Output boundary (inside calls out):

// Use case defines the output port (gateway)
interface OrderGateway {
  save(order: Order): Promise<void>;
}

// Adapter implements it
class PostgresOrderGateway implements OrderGateway {
  save(order: Order): Promise<void> { ... }
}

Cost: Two extra types (interface + implementation) per boundary crossing. Use when the boundary is architecturally significant and you need to swap implementations (test doubles, different databases, different delivery mechanisms).

Partial boundary

When a full boundary feels like over-engineering but you want to preserve the option for later, use a partial boundary.

Strategy 1: Interface with single implementation

Define the interface but have only one concrete class. Skip the DI framework - just instantiate directly. You can add the DI wiring later when a second implementation appears.

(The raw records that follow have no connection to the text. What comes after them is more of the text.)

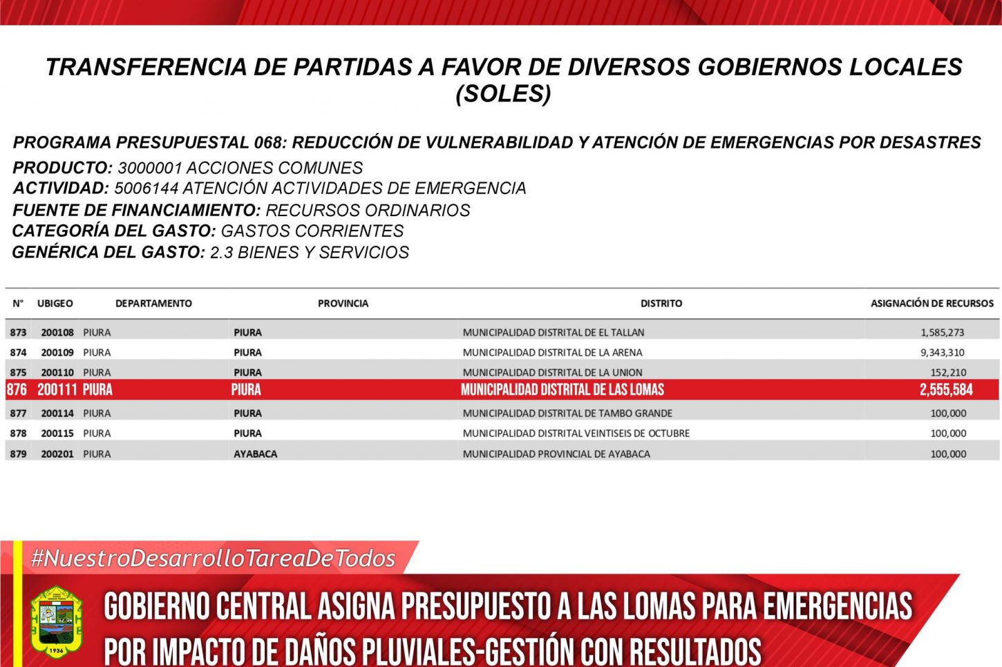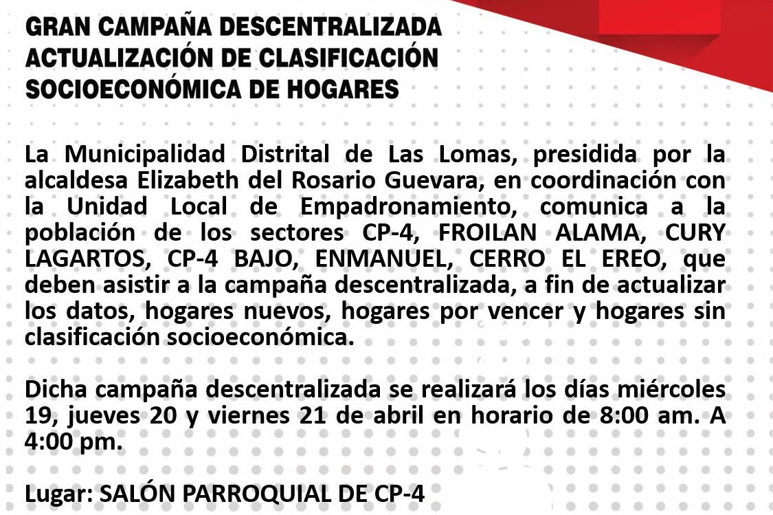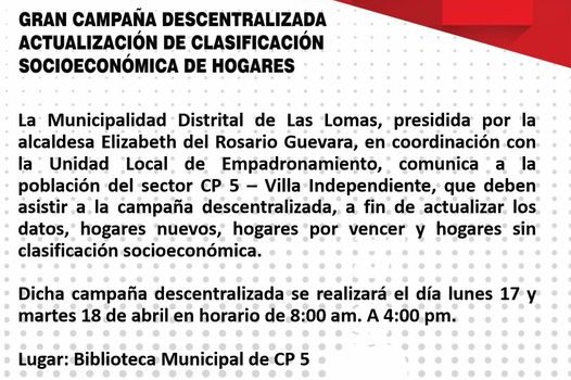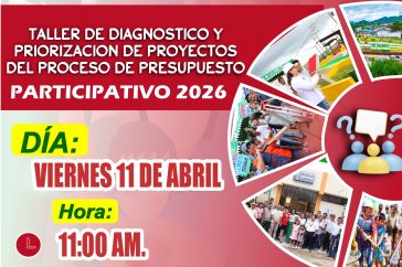 🔰La actual gestión municipal, llevará a cabo este viernes 11 de abril a partir de las 11 de la mañana, el Taller de Diagnóstico y Priorización de Proyectos, como parte del proceso de Presupuesto Participativo 2026. En esta reunión participarán activamente los agentes participativos de Las Lomas y el Bosque Seco. 📌El evento contará con…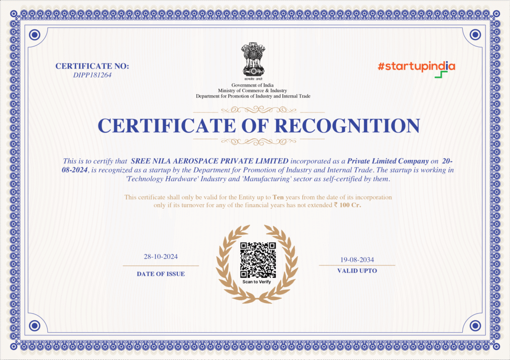 Official recognition by the Government of India’s Department for Promotion of Industry and Internal Trade (DPIIT), certifying Sree Nila Aerospace as a registered startup in the Technology Hardware and Manufacturing sector.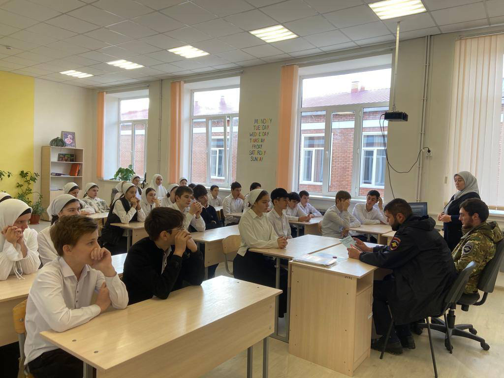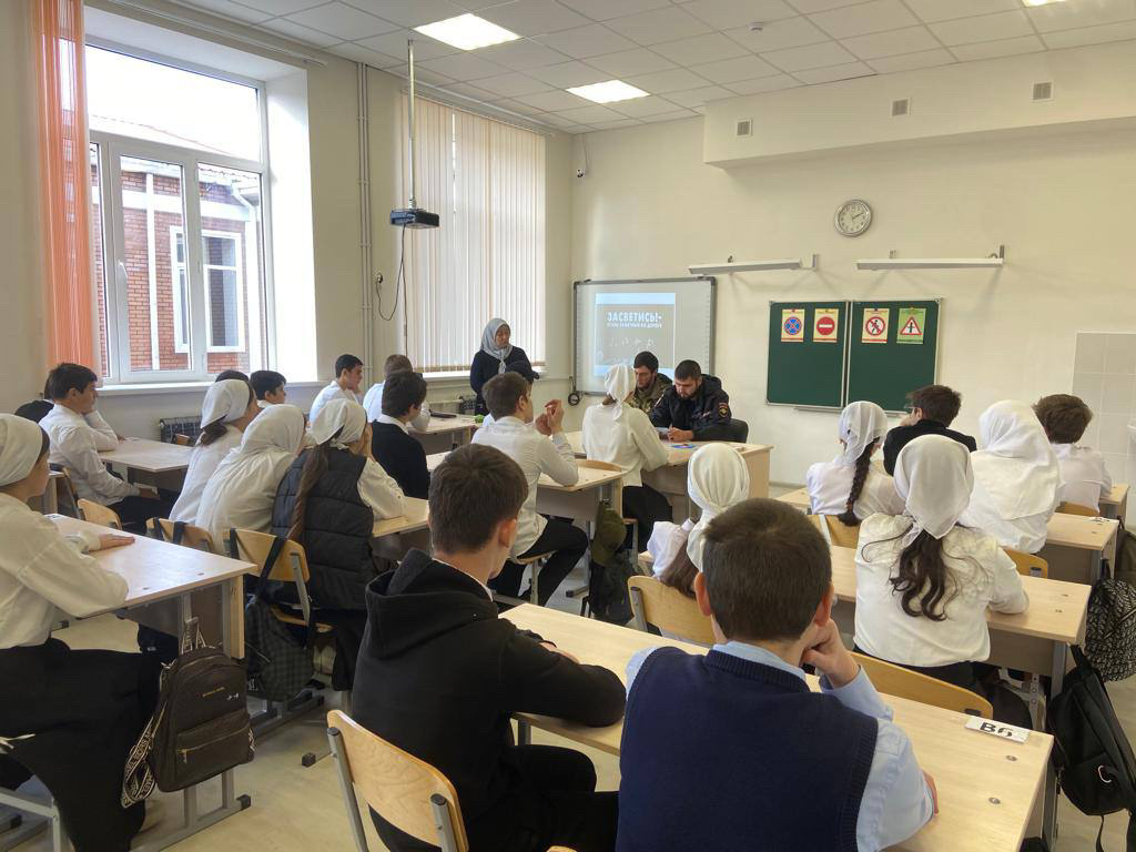 Представители ОП села Новотерское Турпалханов А.Р. и Писаев У.Х. провели с обучающимися 8-х классов профилактическое мероприятие по теме: «Засветись и стань заметным».

// Interface exists for documentation and future flexibility
interface NotificationSender {
  send(to: string, message: string): Promise<void>;
}

// Only one implementation right now
class EmailNotificationSender implements NotificationSender {
  send(to: string, message: string): Promise<void> { ... }
}

// Directly instantiated (no DI container needed)
const sender = new EmailNotificationSender();
const useCase = new ProcessOrder(sender);

Strategy 2: Facade pattern

Put a simple facade in front of a complex subsystem. The facade is the boundary - it presents a simplified interface that hides the subsystem's complexity.

// Facade hides the payment processing complexity
class PaymentFacade {
  processPayment(amount: Money, method: PaymentMethod): PaymentResult {
    // Internally uses Stripe SDK, retry logic, logging, etc.
    // Callers see only this simple interface
  }
}

Strategy 3: Same-package boundary

Keep the interface and implementation in the same package but use the interface as the public API. This doesn't enforce the boundary at build time but signals intent.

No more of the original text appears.